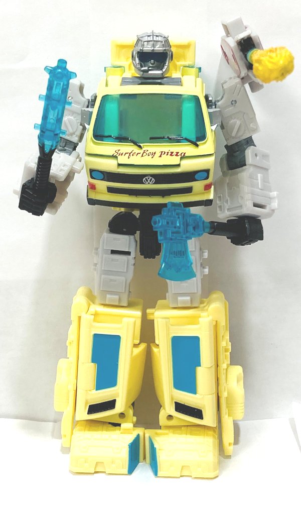 Vehicle Mode: Code Red transforms into the Surfer Boy Pizza “Pizzamobile” from Stranger Things. This is a great design, and the paint apps are perfect.
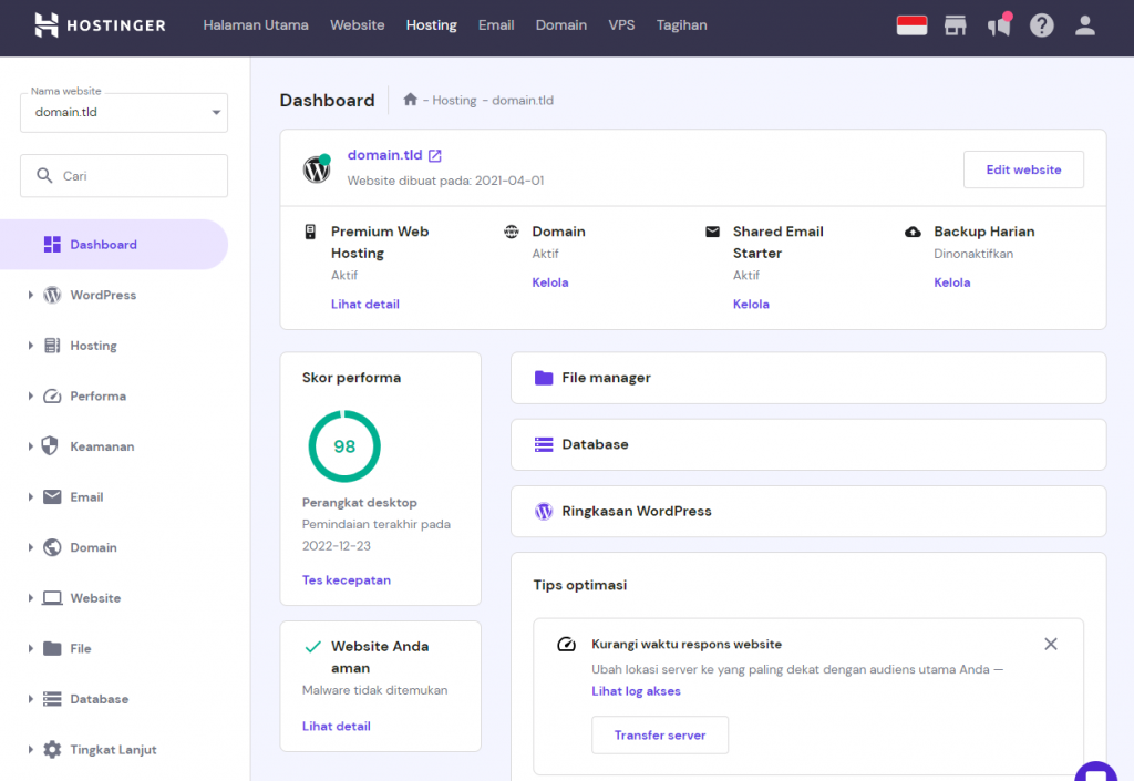 Sekilas tampilan hPanel mirip cPanel, tapi lebih mudah digunakan dan intuitif. Control panel ini juga tersedia dalam lebih dari 10 bahasa, termasuk bahasa Indonesia, Inggris, Spanyol, dan Prancis.
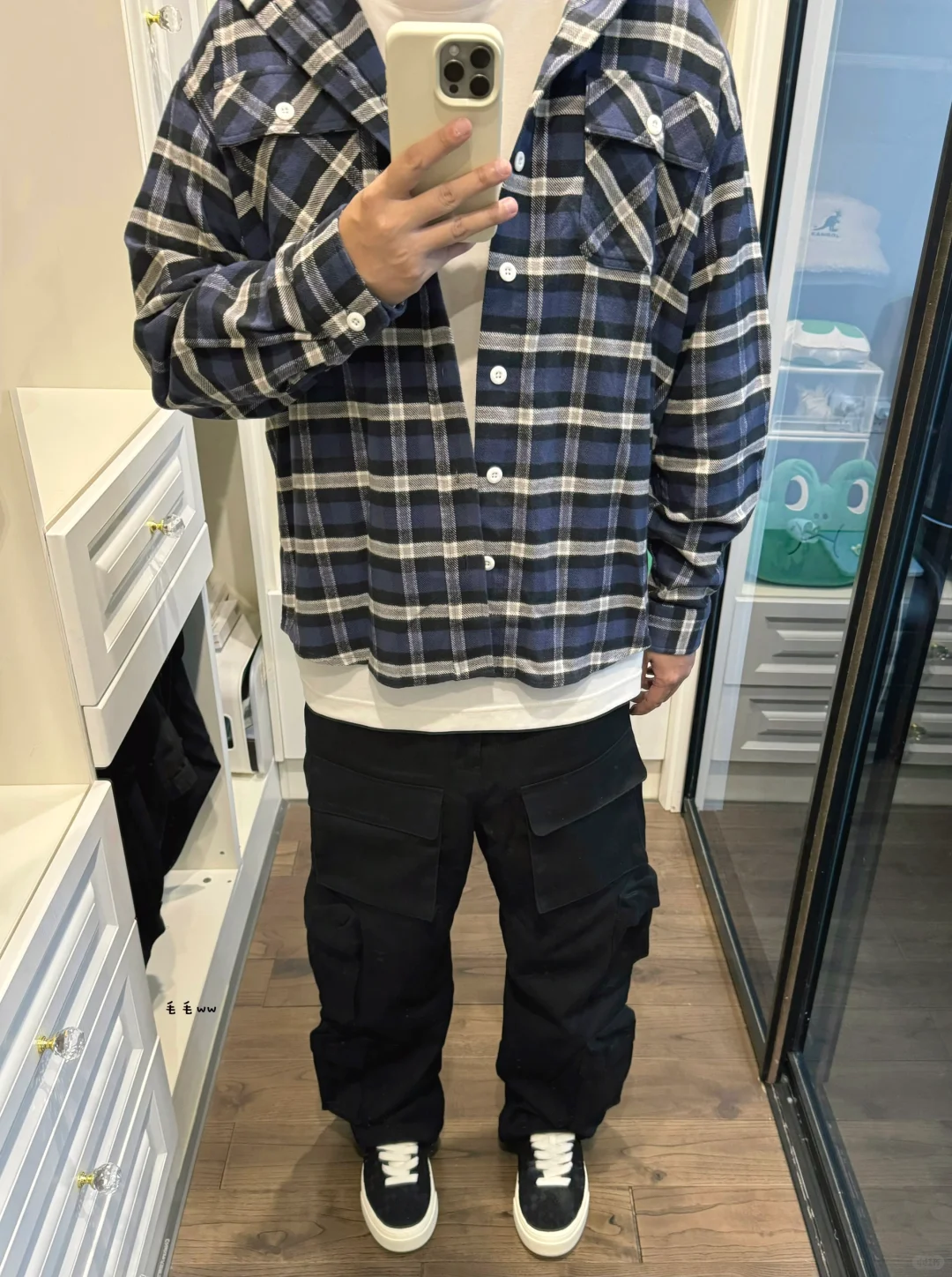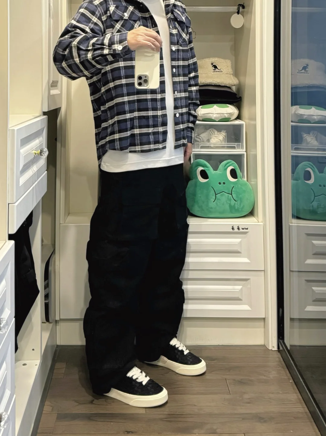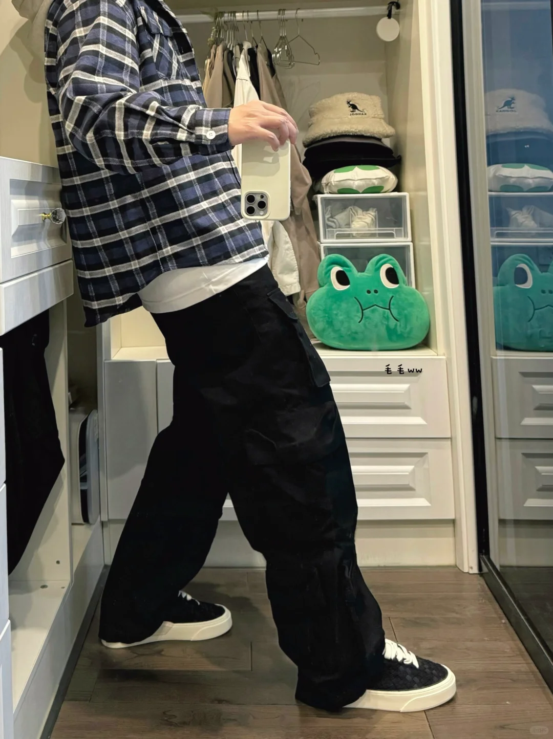 -宽松的格纹穿搭,真的容易代入少年感;特别推荐蓝色跟红色,蓝格略沉稳、红格偏热情 . -下装选择很多,各有各的特色;卫裤显得轻松,工装会更街头,窄裤更加干练,阔腿增添颓感 . —————— . ✏️本人178cm75kg 球鞋尺码265mm(正常EU42) . 💭以上均为我个人观点,不喜勿喷,欢迎讨论

> _Work to complete_:
The complete material, set down exactly and stripped of pictures, is the expected response.

> _Task solution_:
 Vehicle Mode: Code Red transforms into the Surfer Boy Pizza “Pizzamobile” from Stranger Things. This is a great design, and the paint apps are perfect.
 Sekilas tampilan hPanel mirip cPanel, tapi lebih mudah digunakan dan intuitif. Control panel ini juga tersedia dalam lebih dari 10 bahasa, termasuk bahasa Indonesia, Inggris, Spanyol, dan Prancis.
 -宽松的格纹穿搭,真的容易代入少年感;特别推荐蓝色跟红色,蓝格略沉稳、红格偏热情 . -下装选择很多,各有各的特色;卫裤显得轻松,工装会更街头,窄裤更加干练,阔腿增添颓感 . —————— . ✏️本人178cm75kg 球鞋尺码265mm(正常EU42) . 💭以上均为我个人观点,不喜勿喷,欢迎讨论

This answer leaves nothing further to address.